我试过写下面的程序:
import numpy as np #import package for scientific computing
dna1 = str(np.load('dna1.npy'))
def count(dna1, repeat):
i = 0
for s in range(len(dna1)):
if (s =='repeat'):
i += 1
s += dna1[0:1]
return i
repeat = 'TTTT'
n = count(dna1, repeat)
print ('{repeat} occurs {n} times in dna1'.format(repeat=repeat, n=n))
我想在列表中提取4个字母的每个可能组合,并检查它们是否等于'TTTT'
。
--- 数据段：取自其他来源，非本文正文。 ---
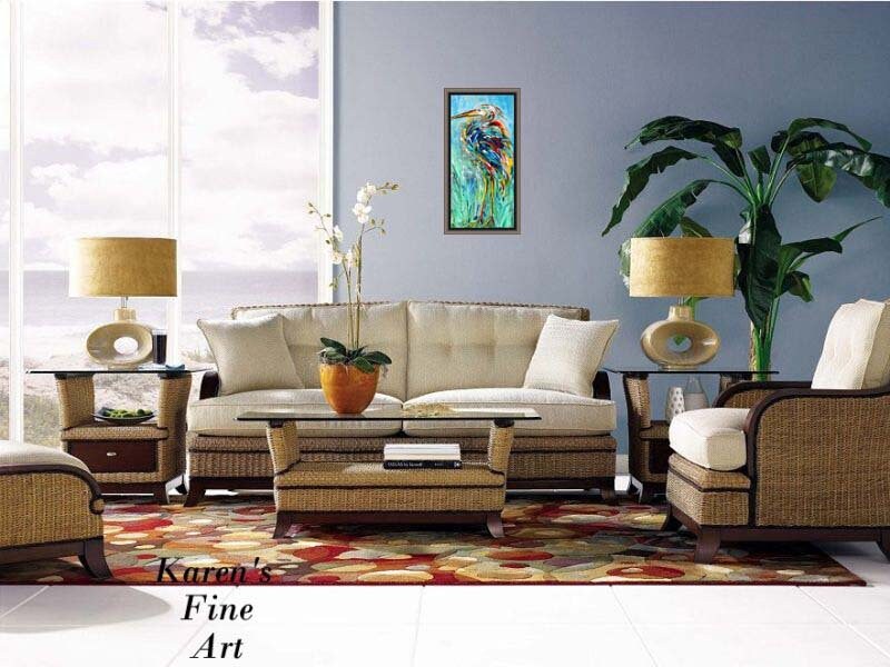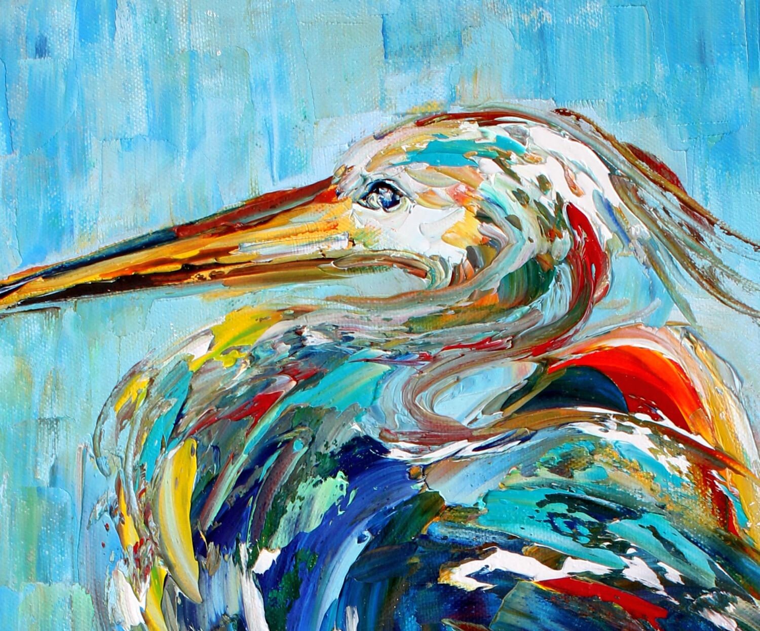Heron painting original palette knife oil paint impressionism on canvas art by Karen Tarlton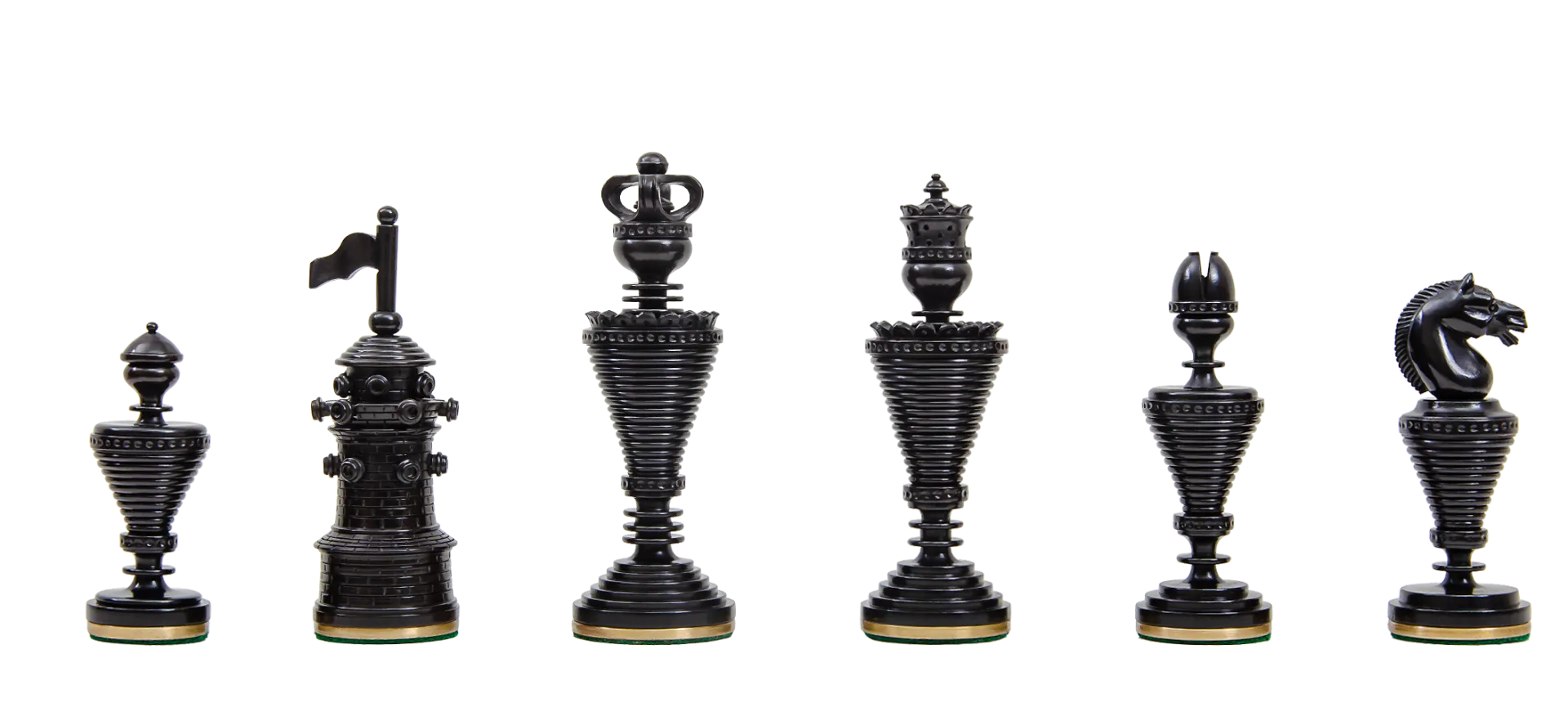 Between the late 1700s and the mid-1800s, many sets from Germany and the Netherlands found their way into the English market. These included the more delicate Selenus designs, among others, that showed elaborate craftsmanship, but lacked board presence and stability.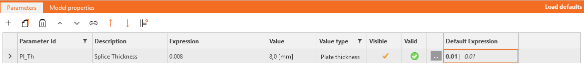 To check whether the parameter is active, see the Tab Model properties. Now, you can click on Set to model. The plates will take over our new value 0.008 m.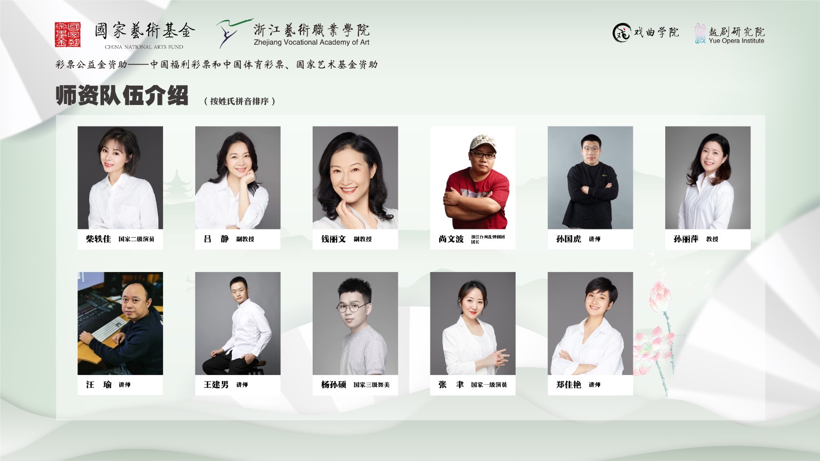 “这是国家艺术基金第一次资助戏曲类民营文艺表演团体人才培养,体现了国家对戏曲类民营文艺表演团体的关注和重视。”支涛在会上介绍了国家艺术基金艺术人才培养资助项目的基本情况,本次培训主面向在浙江、上海、江苏、安徽及福建民营戏曲表演团体招生,共有100多人参加报名,最终挑选出30名学员参加学习,年龄在45周岁以下,从事戏曲表演10年以上,有获得过省级以上奖项,也有在观众中有着较好市场号召力。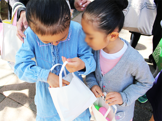 イエス・キリストの復活を祝ってイースター礼拝を行い、「卵探しゲーム」をして遊びます。礼拝後は、お祝いの会があります。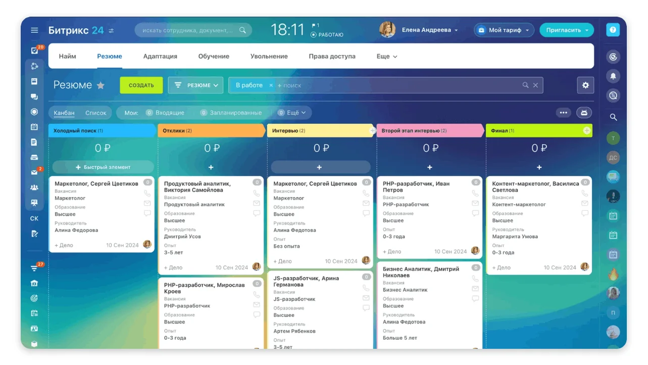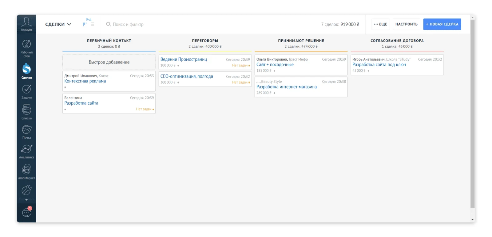 Воронка продаж. В этом модуле можно настраивать этапы работы с покупателями под свою специфику и визуализировать нагрузку команды. Такие воронки можно использовать для обеспечения техподдержки клиентов.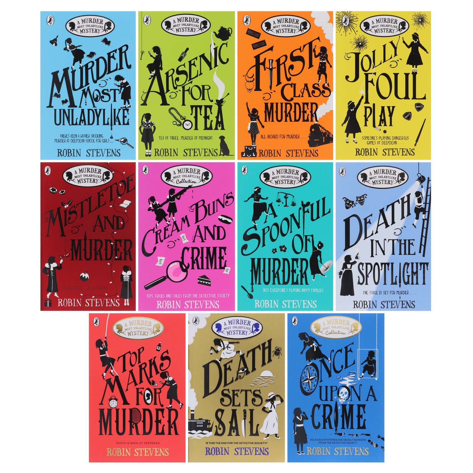Powered by Frooition Home About Feedback Newsletter Contact Children's Ages (0 - 5) Other Children's Ages (5 - 7) Children's Ages (7 - 9) Children's Ages (9 - 14) Young Adult Fiction Non-Fiction Clearance Sale Welcome to books2door ebay shop We want to encourage a love of reading in all children. That's why we have been offering exceptional books at affordable prices since 2004. We look forward to being a part of your next story. A Murder Most Unladylike By Robin Stevens 11 Books Collection Set - Ages 9+ - PB Item Description Summary In a fantastic collection for curious young minds, this Eleven-book set by Robin Stevens brings together murder and mystery that will engross readers in the plots. Much like the iconic Agatha Christie stories, which serve as inspiration, the A Murder Most Unladylike Mystery Collection provides sheer entertainment, with clever twists and turns that keep readers guessing every step of the way. Aimed at a younger generation, this is a modern take on murder mysteries, with great adventure and themes of friendship. Each book provides a fresh mystery for the friends to crack, full of twists, turns and red herrings. The girls solve crimes everywhere, from the classroom to the theatre, becoming firm friends and overcoming the challenges of school life together, despite their different backgrounds. With plenty of clues along the way, the race is on for readers to use their best detective skills and discover who?s responsible. The great news is that you can read them in any order, but we recommend starting at the very beginning to get to know all the characters. If you love the board game Cluedo or you?re a big fan of the hit mystery TV shows like Sherlock , give these books a try ? they are amongst the best murder mystery books around! This set is a fantastic option for reluctant readers who enjoy problem-solving or thick plot twists to keep them engaged. Without a doubt, this series will grip readers from start to finish! About the author Robin Stevens was born in California and moved to Oxford when she was three. Previously working as an editor, she has an MA in crime fiction and has written fifteen books. She has written nine novels in the A Murder Most Unladylike series and two volumes of short stories. Her forthcoming book, The Ministry of Unladylike Activity , is the first in a new series set in the same world. She co-founded children?s publisher Knights Of with her husband David, which aims to help bring more diverse books into the world. Titles in this set: Murder Most Unladylike Arsenic For Tea First Class Murder Jolly Foul Play Mistletoe and Murder Cream Buns And Crime A Spoonful of Murder Death in the Spotlight Top Marks For Murder Death Sets Sail Once Upon A Crime Description: Murder Most Unladylike At Deapdean School for Girls, Daisy Wells and Hazel Wong have set up their own detective agency. But they are struggling to find any real crimes to investigate... Then Hazel discovers the Science Mistress, Miss Bell, lying dead in the Gym. To add to the mystery, when she and Daisy return five minutes later, the body has disappeared. Now Hazel and Daisy not only have a murder to solve: they have to prove one happened in the first place. Determined to get to the bottom of the crime before the killer strikes again, Hazel and Daisy must hunt for evidence, spy on their suspects and use all the cunning and intuition they can muster. But will they succeed? And can their friendship stand the test? Arsenic For Tea With wild storms preventing anyone from leaving, or the police from arriving, Fallingford suddenly feels like a very dangerous place to be. Not a single person present is what they seem - and everyone has a secret or two. And when someone very close to Daisy looks suspicious, the Detective Society must do everything they can to reveal the truth... no matter the consequences. First Class Murder Daisy Wells and Hazel Wong are taking a holiday on the world-famous Orient Express - and it?s clear that each of their fellow first-class passengers has something to hide. Even more intriguing: there is rumour of a spy in their midst. Jolly Foul Play As they return to Deepdean for a new school term, Daisy Wells and Hazel Wong are faced with some big changes. For one, there's a new Head Girl, Elizabeth Hurst, and a team of Prefects- and these bullying Big Girls are certainly not good eggs. Then, after the fireworks display on Bonfire Night, Elizabeth is found - murdered. Many girls at Deepdean had reason to hate Elizabeth, but who might have committed such foul play? Could the murder be linked to the secrets and scandals, scribbled on scraps of paper, that are suddenly appearing around the school? And with their own friendship falling to pieces, how will Daisy and Hazel solve this mystery? Mistletoe and Murder It?s Christmas, and the snow is falling in Cambridge, where the detective duo Daisy Wells and Hazel Wong are spending the festive period. But Hazel?s hopes of relaxing amongst the beautiful spires, cosy libraries and inviting tea-rooms are dashed by the danger lurking in the dark stairwells of Maudlin College. Two days before Christmas, there is a terrible accident. At least, it appears to be an accident - until the Detective Society look a little closer, and realise a murder has taken place. Cream Buns And Crime Daisy Wells and Hazel Wong are famous for the murder cases they have solved - but there are many other mysteries in the pages of Hazel?s casebook. From the macabre Case of the Deepdean Vampire to the baffling Case of the Blue Violet, and their very first case of all: the Case of Lavinia?s Missing Tie. A Spoonful of Murder When Hazel Wong?s beloved grandfather passes away, Daisy Wells is all too happy to accompany her friend (and Detective Society Vice President) to Hazel?s family estate in beautiful, bustling Hong Kong. But when they arrive they discover something they didn?t expect: there?s a new member of the Wong family. Daisy and Hazel think baby Teddy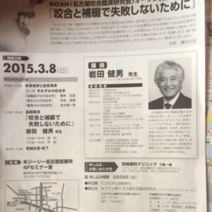 今日は朝から、咬合(かみあわせ)のスタディグループNoaa主催のオープン例会に参加しました。Noaaは若手の先生が多く、毎月、愛知学院大学の隣のGCという歯科メーカーの研修室で例会があり、診療後、可児からなるべく参加しています。講師の岩田健男先生は日本顎咬合学会の元理事長で、難解な咬合理論の話をわかりやすく解説していただきました。特に印象に残ったのは、予防の大切さと、長期的な予知性の高い治療の大切さを一番基本に考えるということでした。まだ経験の浅い歯科医師の私にとって、経験豊富でずっと最先端なことに取り組まれた、岩田先生の話はとても勉強になりました。一緒に参加した、セミナー仲間のごんちゃん(権田先生)と一枚(^^)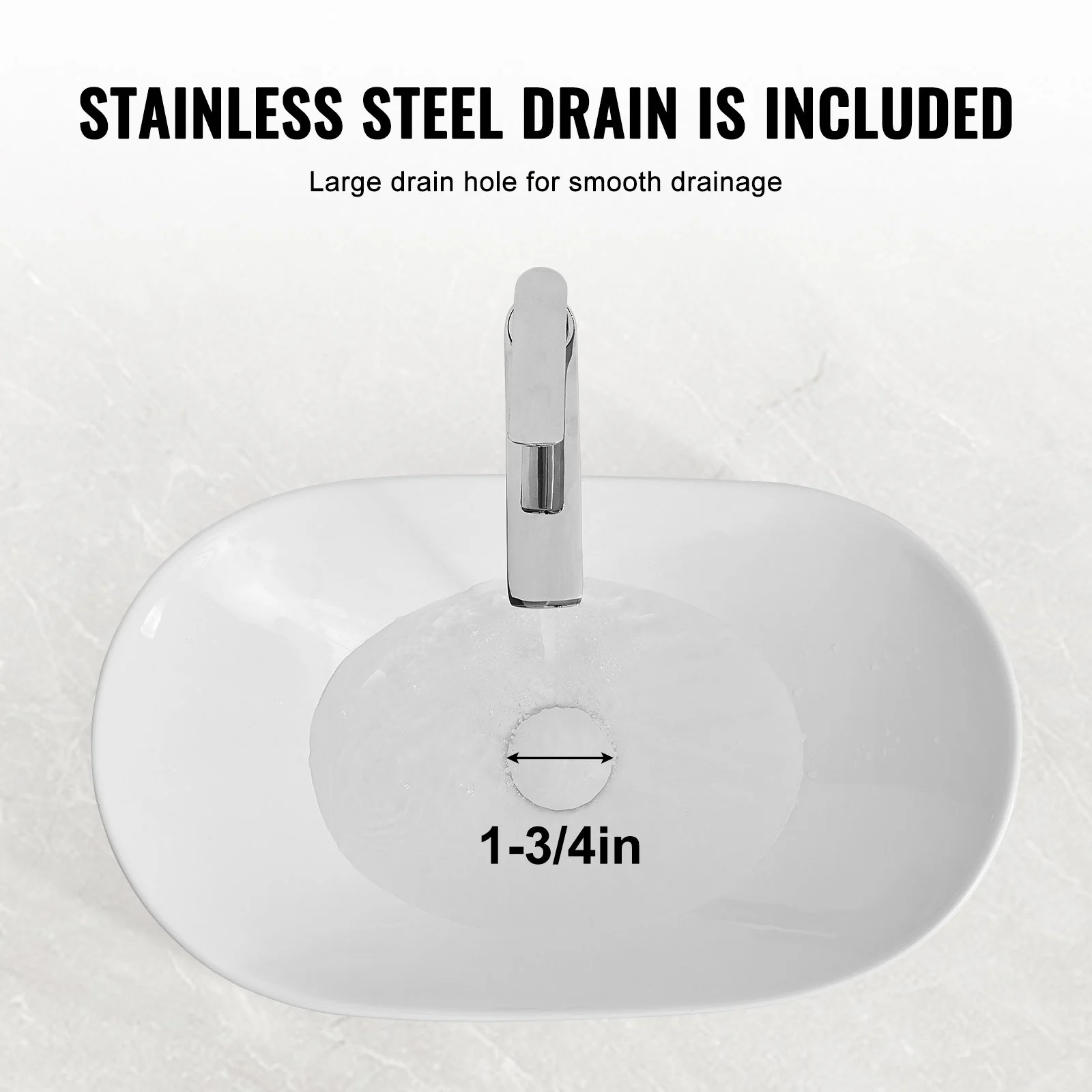 Featuring a standard 1-3/4 inch drain opening, this sink prevents overflow even with heavy water use. Equipped with a stainless steel drain, it ensures no leakage during water retention and provides efficient, blockage-free drainage.

但我不知道如何递增以在我的列表中移位1个位置但仍然读取4个字母。
答案 0 :(得分:0)
我同意尝试使用正则表达式可能是最简单的初始方法:
import numpy as np #import package for scientific computing
import re
dna1 = str(np.load('dna1.npy'))
def count(dna1, repeat):
regex = re.compile(repeat)
result = regex.findall(dna1)
return len(result)
repeat = 'TTTT'
n = count(dna1, repeat)
print ('{repeat} occurs {n} times in dna1'.format(repeat=repeat, n=n))
编辑:
这是一个不使用正则表达式模块的简单方法 - 您当然可以根据每个迭代的结果进行一些优化以跳过:
def count(dna1, repeat):
repeat_length = len(repeat)
total = 0
idx = 0
while idx < len(dna1):
substr = dna1[idx:idx+repeat_length]
if substr == repeat:
total += 1
idx += repeat_length # skip ahead to avoid repeat counting
else:
idx += 1
return total
答案 1 :(得分:0)
最佳和最可定制的方式是这样的:
import numpy as np # import package for scientific computing
dna1 = str(np.load('dna1.npy'))
repeat = 'TTTT'
def get_num_of_repeats(dna, repeat):
repeats = 0
for i in range(len(dna) - len(repeat) + 1):
if dna[i:i+len(repeat)] == repeat:
repeats += 1
return repeats
repeats = get_num_of_repeats(dna1, repeat)
print ('{repeat} occurs {n} times in dna1'.format(repeat=repeat, n=repeats))
我只是创建了一个函数get_num_of_repeats
,它请求dna变量和要监视的模式,并返回重复次数。根据您希望算法运行的方式,当您查找'TTTT'
等模式且dna的一部分具有'TTTTT'
时,可能会遇到困难。我可以给你跟进协助来定义所需的行为。